Research Paper Volume 12, Issue 7 pp 6089—6108

Figure 5. Estradiol-induced senescence of hypothalamic astrocytes contributes to aging-related declines in female reproductive function. (A) HPLC chromatogram of standard progesterone (left) and hypothalamic tissue extract of 3-month-old and 10-month-old mice. The p-value was determined by Student’s t test: ** p<0.01, n=3. (B) Effects of estrous cycle and age on the levels of P450scc and 3β-HSD mRNA in hypothalamus as determined by qPCR. The p-value was determined by Two-way ANOVA: ** p< 0.01, n = 3. (C) Both 2-OHE₂-ACM and 4-OHE₂-ACM inhibited the secretion of GnRH from GT1-7 cells. The p-value was determined by One-way ANOVA: *p<0.05, n=3-4. (D) Effects of estrous cycle and age on the levels of TNF-α, IL-1β, IL-6 and IL-8 mRNA in hypothalamus as determined by qPCR. The p-value was determined by Two-way ANOVA: *p<0.05, ** p< 0.01, n = 3 (upper). Effects of estradiol on the levels of TNF-α, IL-1β, IL-6 and IL-8 mRNA in hypothalamic primary cultured astrocytes as determined by qPCR (n=3-6).

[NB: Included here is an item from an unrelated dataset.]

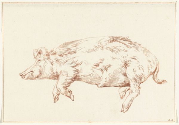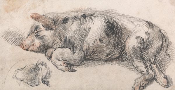 Editor: This is "Liggend varken," or "Reclining Pig," a drawing in pencil and charcoal by Hendrik Willem Schweickhardt, dating from between 1756 and 1797. It's surprisingly endearing; the pig looks so peaceful. What do you see in this piece? Curator: I see a powerful statement about the representation of animals, particularly within the context of the 18th century. Schweickhardt isn't just depicting livestock; he's inviting us to consider the inherent worth and dignity of a creature often reduced to its utility. How does this portrayal challenge the dominant anthropocentric worldview of the time, and even our own? Editor: That's an interesting perspective! I hadn't thought of it as a challenge to anthropocentrism. I was just focused on how cute the pig is! Curator: "Cute" is a valid reaction, but it also offers an entry point. Consider how societal structures dictate what is considered "cute" and worthy of our affection. Often, animals are only granted consideration if they appeal to human sensibilities. What does it mean, then, to find beauty or "cuteness" in something like this pig, historically viewed through the lens of agriculture and sustenance? Editor: So, you’re saying the drawing could be interpreted as a subtle form of activism, suggesting a re-evaluation of our relationship with animals? Curator: Precisely! It encourages a dialogue about empathy, ethics, and our responsibility towards non-human life. We must ask ourselves if such images can help us to recognize our interconnectedness with all beings. Is art’s role to make these arguments on their own or instigate further arguments? Editor: That's a lot to consider. I’ll definitely be looking at animal portraits differently now. Thanks for opening my eyes! Curator: And thank you for yours; your observation about its endearing quality reminds us of the simple connections art can create.

The p-value was determined by One-way ANOVA:*p<0.05, ** p< 0.01 (blew). (E) Effects of estrous cycle and age on the levels of TGF-α, TGF-β1, and IGF1 mRNA in hypothalamus as determined by qPCR (n = 3). The p-value was determined by Two-way ANOVA: *p<0.05, ** p< 0.01 (upper). Detection of TGF-α, TGF-β1, and IGF1 mRNA levels with 2-OHE₂ and 4-OHE₂ intervention (n=3). The p-value was determined by One-way ANOVA:*p<0.05, ** p< 0.01.